If we want to examine the quality criteria used in qualitative evaluations, we cannot work with the criteria of the positivist approach alone. Criteria exported from quantitative, positivist research are not sufficient to account for most problems in qualitative evaluation research. However, qualitative researchers have proposed alternative criteria (Jacobs et al., 2021, pp. 186–187). One example is “trustworthiness” (Guba & Lincoln, 1989; Lincoln, 2005; Schwartz-Shea & Yanow, 2012, pp. 91–114) of the research findings instead of validity and replicability. The methodological literature offers a number of benchmarks in this regard, some of which are specific to certain approaches (cf. Creswell, 2007, p. 203).
Taking inspiration from Apgar et al. (2024) and others, the following grouped characteristics are crucial for the credibility or trustworthiness of qualitative research as a minimum requirement: Reflexivity, confirmability and transferability. First, reflexivity, and, relatedly, positionality, is a fundamental criterion of qualitative research (Alvesson & Sköldberg, 2018; Schwartz-Shea & Yanow, 2012, pp. 99–104). Qualitative research acknowledges the influence of the researcher on the participants; researchers are part of the “field”, rather than outside observers. This perspective is important for evaluation, especially for participatory forms of evaluation. It is also important for readers of evaluation research to better understand the role the evaluator plays in the evaluation.

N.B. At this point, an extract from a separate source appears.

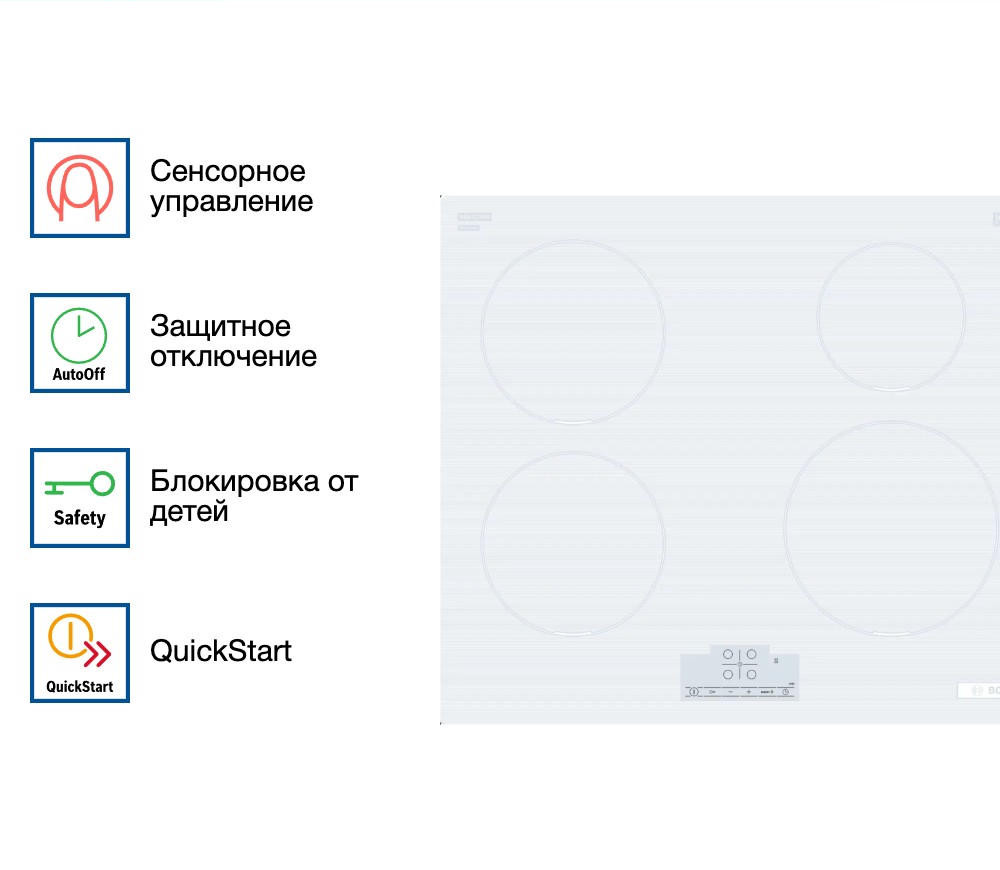 Панель оснащена четырьмя конфорками разного размера, что позволяет готовить разные блюда одновременно. Функция распознавания посуды автоматически определяет размер дна посуды и подстраивает под него зону нагрева, что позволяет экономить энергию и время при приготовлении пищи. Каждая конфорка оснащена таймером с функцией автоматического отключения, что предотвращает перегрев и пригорание пищи. Модель Bosch PUE612BB1J обладает рядом уникальных функций, которые делают процесс приготовления пищи еще более удобным и быстрым. Функция ReStart позволяет быстро возобновить работу панели после случайного отключения, а функция QuickStart автоматически устанавливает наиболее подходящий уровень нагрева для каждой конфорки. Функция PowerBoost значительно увеличивает мощность нагрева, что позволяет быстрее довести воду до кипения или приготовить блюдо. Варочная панель обладает системой защиты, которая включает главный выключатель, защитное отключение и блокировку от детей. Индикатор остаточного тепла предупреждает о том, что поверхность панели все еще горячая после использования. Минимальная толщина столешницы для установки этой модели составляет 16 мм, что делает ее универсальной для любого типа кухни.

The second criterion is confirmability, a standard closely related to transparency. Since qualitative methods have to reconcile various sensitive issues such as protecting sources, building trust, and honoring contextual information, transparency of research is secured by confirmable procedures, such as “member checking” (Schwartz-Shea & Yanow, 2012, p. 106), a detailed description of the process of analysis, coding procedures and inter-coder agreement (Creswell, 2007, pp. 209–210). Similar to Carroll et al. (2012), however, we consider the justification of the choice of methods and the selection of data sources to be important for a transparent approach.

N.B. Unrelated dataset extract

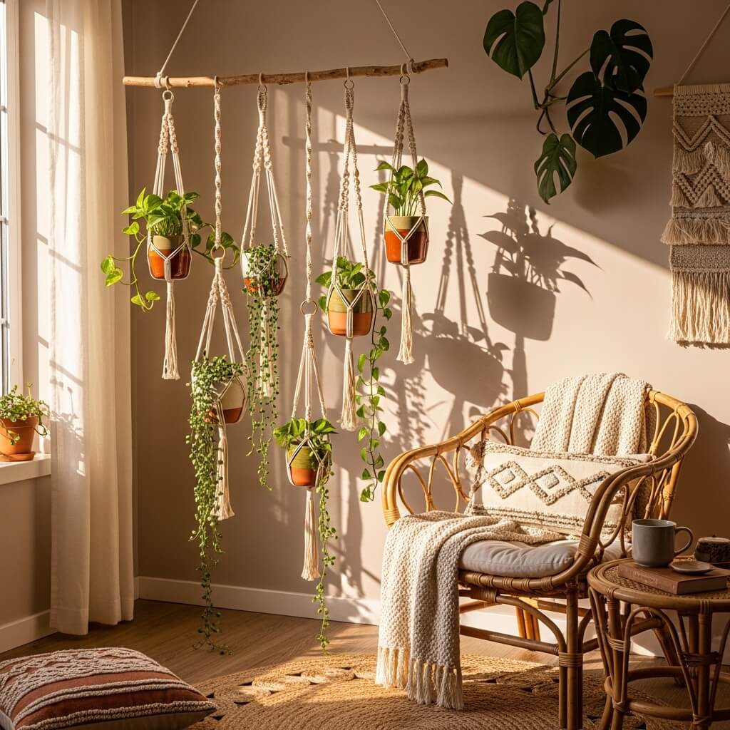 This setup layers multiple macrame hangers at different heights to create a cascading vertical garden. It’s not a single structure but rather a coordinated arrangement that creates vertical impact. I’ve got this going in my bedroom, and it’s exactly the vibe I wanted—relaxed, artistic, and slightly hippie-ish in the best way.

The final criterion is the transferability of results (Schwartz-Shea & Yanow, 2012, pp. 47–48), which is often not the central aim of qualitative research and evaluation. Still, interrogating in how far context-dependent knowledge can travel is an important issue, as evaluation research aims to highlight aspects that are important beyond the specific intervention. In synthetic or systematic reviews this criterium plays a huge role. We are therefore interested in the transferability of the results to other cases with a similar context (Guba & Lincoln, 1989; Lincoln, 2005). To give just one example: a “thick description” of the case under evaluation might help to transfer the findings of the case to a broader field of similar cases (Schwartz-Shea & Yanow, 2012, p. 145), or also a discussion of the contextual conditions under which the results are transferable. All in all, we consider reflexivity, confirmability and transferability as minimum requirements for the trustworthiness of qualitative evaluations.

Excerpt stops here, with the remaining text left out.